1. The multi-modal perception fusion system for the full scene is characterized by comprising an upper computer, a laser radar, a multi-view camera, an IMU (inertial measurement Unit), an infrared depth camera and a power supply, wherein the multi-view camera comprises two FLIR (flash infrared) industrial network port cameras and two USB (universal serial bus) 3.0 cameras, and the multi-modal perception fusion system comprises the following steps:

s2: installation of software and acquisition of data: opening a Linux Ubuntu System, installing and configuring a driver and software of each module, starting nodes of each mode by using a Robot Operating System, and displaying the acquired data of the point cloud of the laser radar, the RGB image of the multi-view camera, the information of an accelerometer and a gyroscope of the IMU and the depth-of-field map of the infrared depth camera by using RVIZ;

s3: constructing a model: and then, processing the acquired data by using a slam theoretical system, wherein the processing flow is divided into two steps, namely a front end and a rear end, the front end is responsible for feature extraction of each module and representation of correlation among features, and the rear end is responsible for optimization, three-dimensional reconstruction and positioning of parameters, so that a fused final model and an effect graph are obtained finally.

2. The System according to claim 1, wherein the operating System adopted by the multimodal perceptual fusion System is Linux Ubuntu System, the middleware adopted by the multimodal perceptual fusion System is RobotOperating System, and the programming languages used by the multimodal perceptual fusion System are c + + and python.

3. The multi-modal perceptual fusion system for a whole scene of claim 1 wherein the lidar employs radium intelligence c 16-151B.

4. The multi-modal perceptual fusion system for a full scene of claim 1 wherein the number of infrared depth cameras is two and the infrared depth cameras and IMU employ Intel Real sensor D435 i.

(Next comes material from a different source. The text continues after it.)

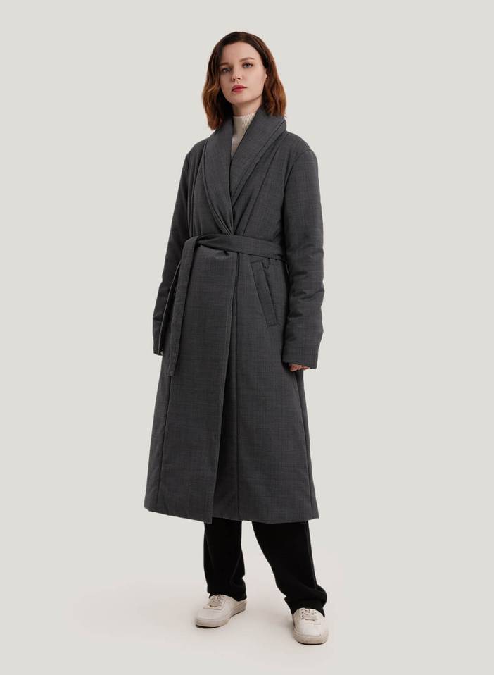 This padded coat is your warm option of outwear when temperatures begin to drop. It is shaped like an oversized wraparound silhouette with no-quilting and filled with a wool blend. This cloud feels soft coat will trap body heat and keeping your temperature with irresistible comfort. – Shell: 50% Wool 46% Polyester 4% Spandex Filling: 100% Polyester

5. The multi-modal perceptual fusion system for a full scene as claimed in claim 1 wherein the final model and effect map is obtained by using a Marquardt algorithm in modeling recognition to iteratively optimize the external parameters to obtain an optimal estimation, thereby obtaining the most accurate model and effect map.

6. The system of claim 1, wherein the distance from the laser radar projected to the ground is 10m, a conical blind area is formed below the projected laser radar, and the working distance of the infrared depth camera is 0.2-10m, so that the blind area which cannot be projected by the laser radar can be compensated.

7. The multi-modal perceptual fusion system for a whole scene of claim 1 wherein the lidar, the multi-view camera, the IMU, and the infrared depth camera each have independent sensors.